MAA MAA - 1 year ago 207
Python Question

What is this bucket sort implementation doing?

This is my code for bucket sort in Python.

from random import randrange

def insertion_sort(aList):
for i in range(1, len(aList)):
for j in range(i, 0, -1):
if aList[j] < aList[j-1]:
aList[j], aList[j-1] = aList[j-1], aList[j]
return aList

def bucket_sort(aList):
buckets = [[]] * len(aList)
for index, value in enumerate(aList):
buckets_index = value * len(aList) // (max(aList) + 1)

answer = []

for bucket in buckets:
# answer += insertion_sort(bucket)

# return answer

aList = [randrange(10) for _ in range(100)]
answer = bucket_sort(aList)

What is happening? When I run the code, I always find that the first list in buckets is already sorted and the other lists in buckets are all copies of it.
Do I need the insertion sort for each list?
What would I use the "answer" variable for?!

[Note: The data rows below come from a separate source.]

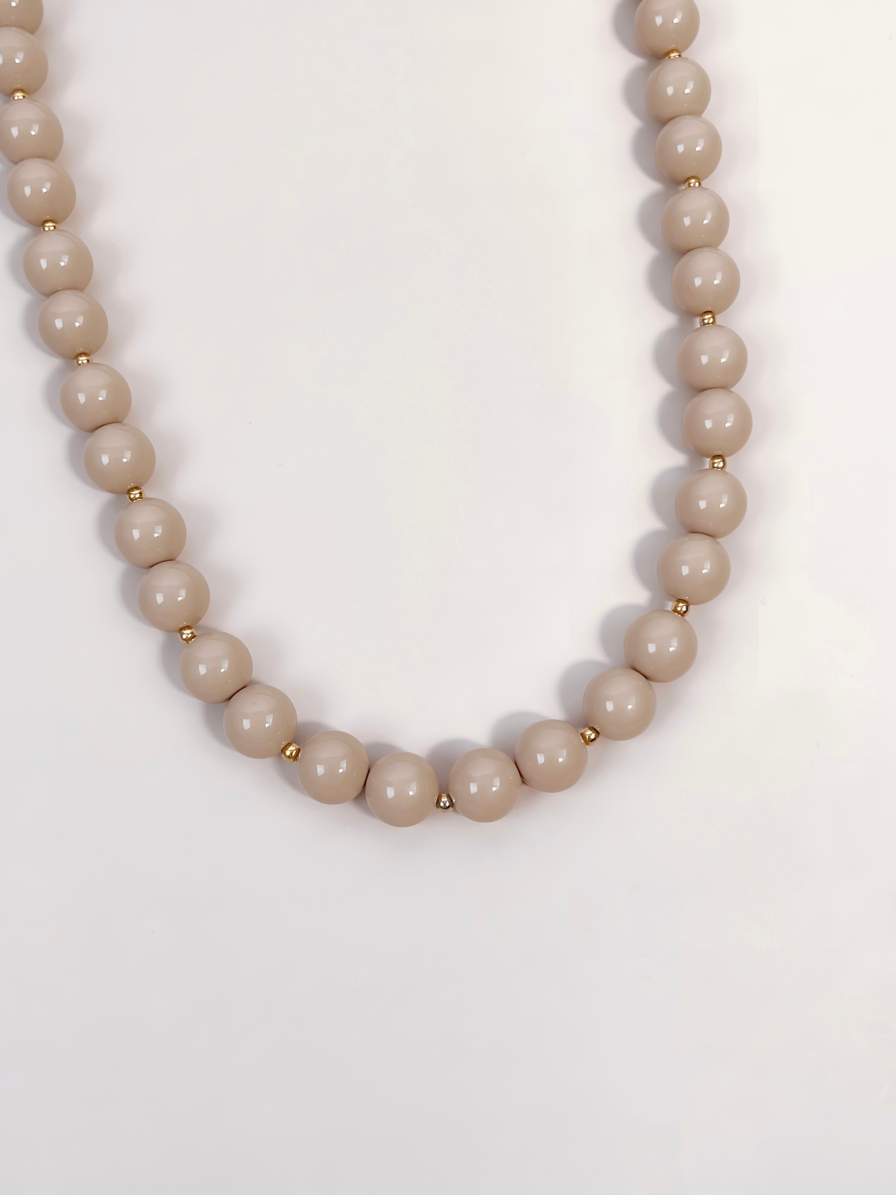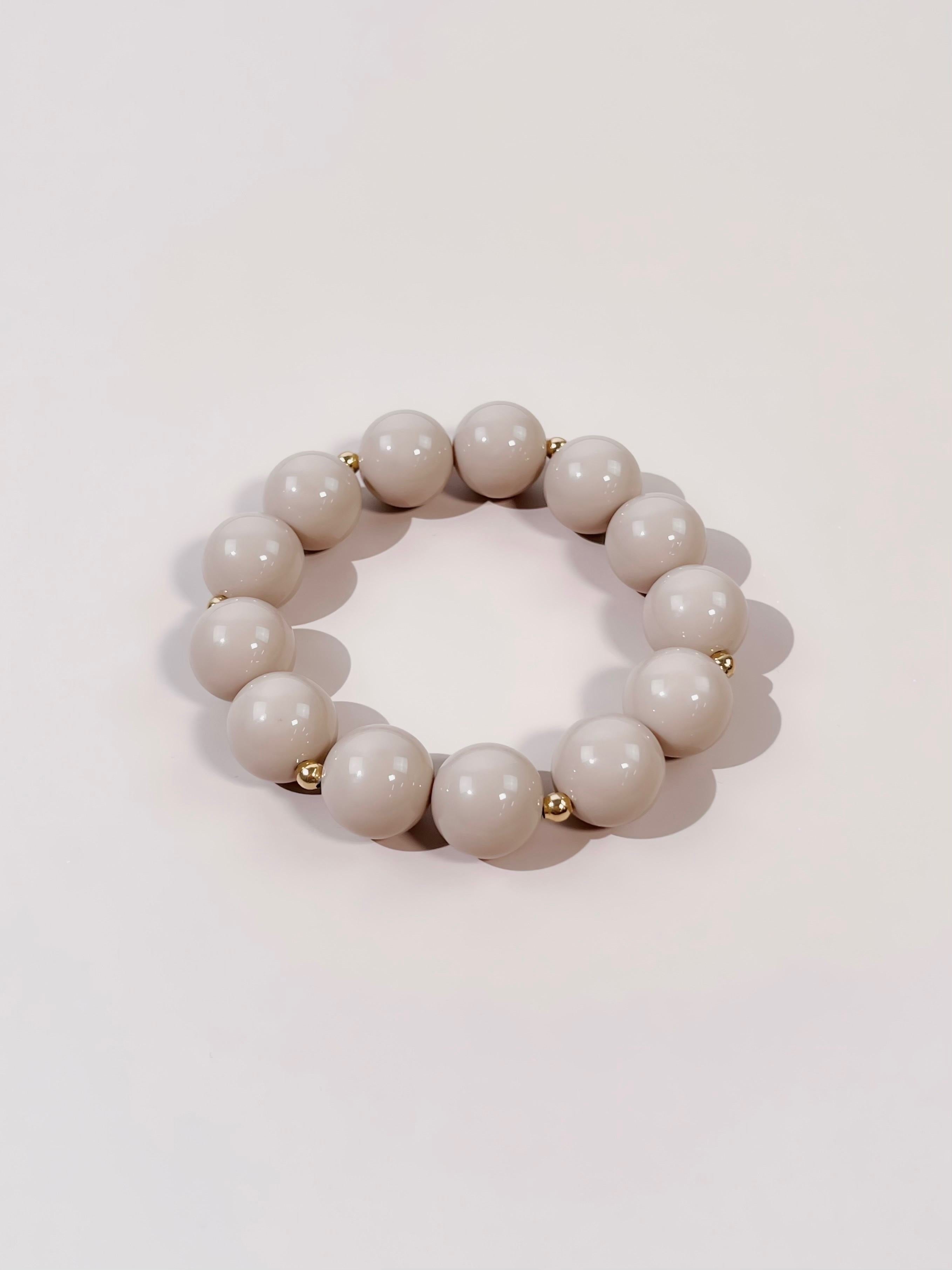 Ses perles beige rappellent la clarté d’une aurore et la paix des moments suspendus.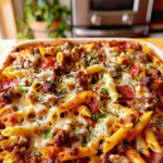Pepperoni and Sausage Pizza Pasta is a comforting fusion dish that combines the classic flavors of pizza with tender pasta. This easy-to-make recipe features al dente penne pasta coated in a rich tomato sauce, savory Italian sausage, and crispy pepperoni, all topped with gooey mozzarella and parmesan cheese. Perfect for family dinners or cozy nights in, this dish is sure to impress your guests while delivering a satisfying burst of flavor in every bite.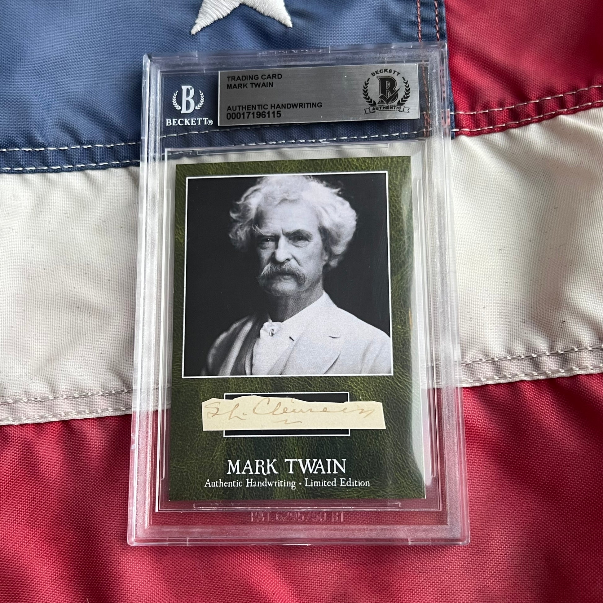 Offered for the first time ever – genuine handwritten words from Mark Twain, the pen name of American writer and humorist, Samuel Langhorne Clemens, authenticated and encapsulated by Beckett.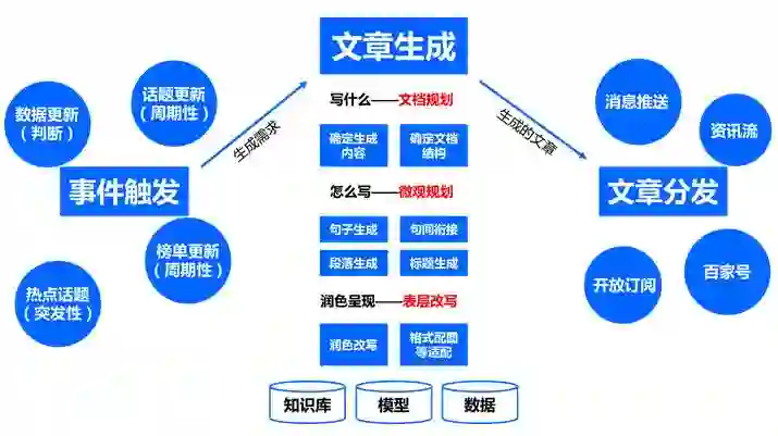 一类是基于结构化数据、知识库或优质资源直接生成的文章。速报和大部分知识类文章是基于这类技术方案。这类文章因为直接从数据通过分析聚合或知识推理生成原始稿件,因此可以说是原创。

I'm mainly relying on this visualization.

Rob Rob
Answer Source

One thing that i notice right off the bat is that you initialize your variable buckets as buckets = [[]] * len(aList). This makes a list of identical copies of the empty list. As such, any modification of this list is replicated in every element of buckets. Change this line to:

buckets =  [[] for _ in xrange(len(aList))]

To check if the lists inside the list are separate object, you could check their id's:

print [id(x) for x in buckets]

This should print a list of unique numbers.